The manager, on the other hand, needs to be created each time. "Why," you ask, "would that be?" Well, remember that I'm using the trial version of 3ds Max Design. That means I get thirty days' use before I have to purchase the software. By starting from scratch each time I need a manager, I gain another month of "free" rendering. It's a bit of a hassle to re-install everything, but you can't beat the price.

Speaking of price, it compares quite favorably. Remember RenderTitan? They charge $0.125 per gigahertz-hour. In EC2, I'm using hardware that Amazon rates equivalent to 20 GHz, and costs $1.16 per hour, for a gigahertz-hour calculation of $0.058. That's half the price of the commercial service. Not too shabby!
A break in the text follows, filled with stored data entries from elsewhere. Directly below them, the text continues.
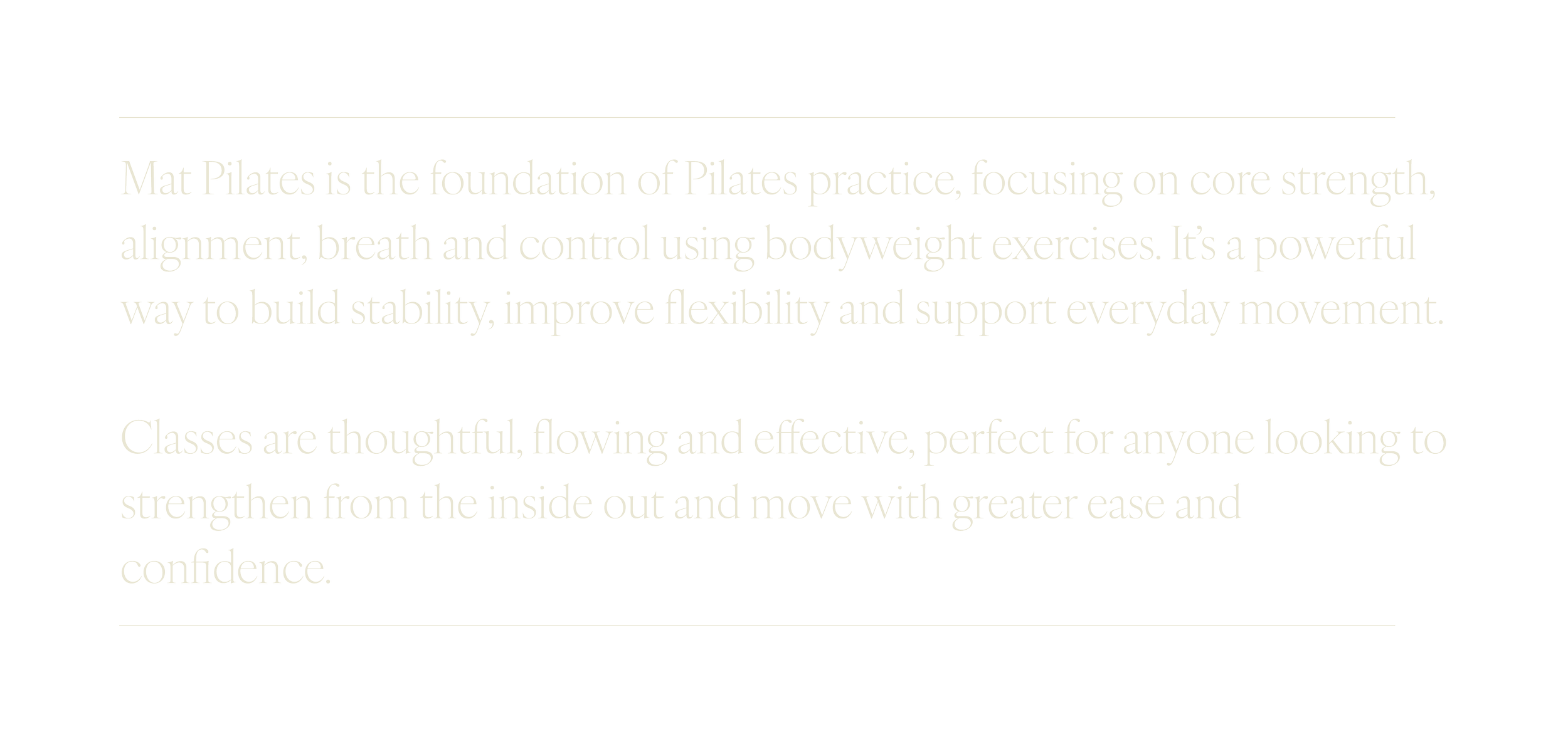 A welcoming all-level class using classic Pilates mat work to strengthen, lengthen, and align. Options to modify or progress so everyone feels challenged.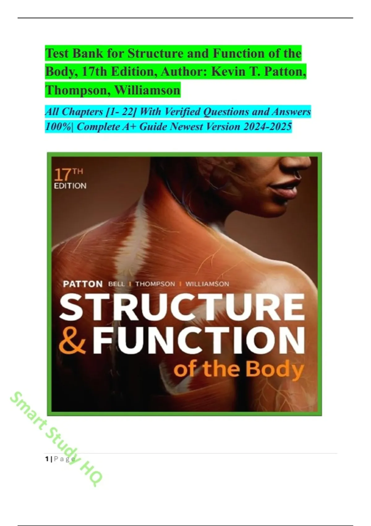 Test Bank - Structure and Function Of The Body 17th Edition Author:Kevin T. Patton,Thompson,Williamson All Chapters[1-22] With Verified Questions And Answers 100%Complete A+ Guide Newest Version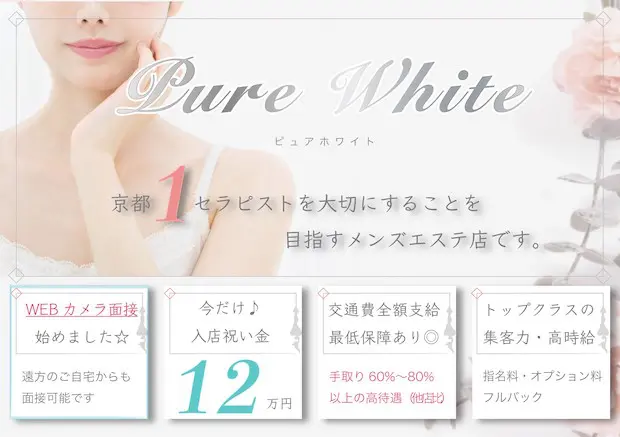 経験者の方も未経験者の方もしっかりと稼いでいただける様々なシステムをご用意しております。 きっとピュアホワイトを選んで良かった、ピュアホワイトで働いてよかったと言っていただけると思います。運営スタッフも気さくで優しいスタッフばかりです。不安な事・分からない事なんでもご質問ください。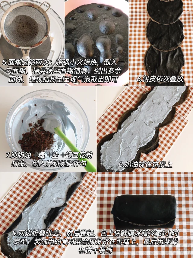❻将打发的奶油抹在饼皮上,两边叠进去然后卷起,包保鲜膜入冰箱冷藏1小时定型

The downside is that if I only use on-demand instances, I'm limited to nineteen rendering nodes, plus a manager. But I can get additional nodes, when they're available, using spot instances. The base spot price for a c1.xlarge instance is $0.45. By bidding closer to the on-demand price, I can maximize my chances of getting that extra horsepower. I've yet to reach thirty running instances this way, but it could happen over the holiday weekend.

5 comments:

  1. Cool article, we currently render on EC2 with 3ds using 100+ instances. Works well, crashes from time to time but overall pretty amazing!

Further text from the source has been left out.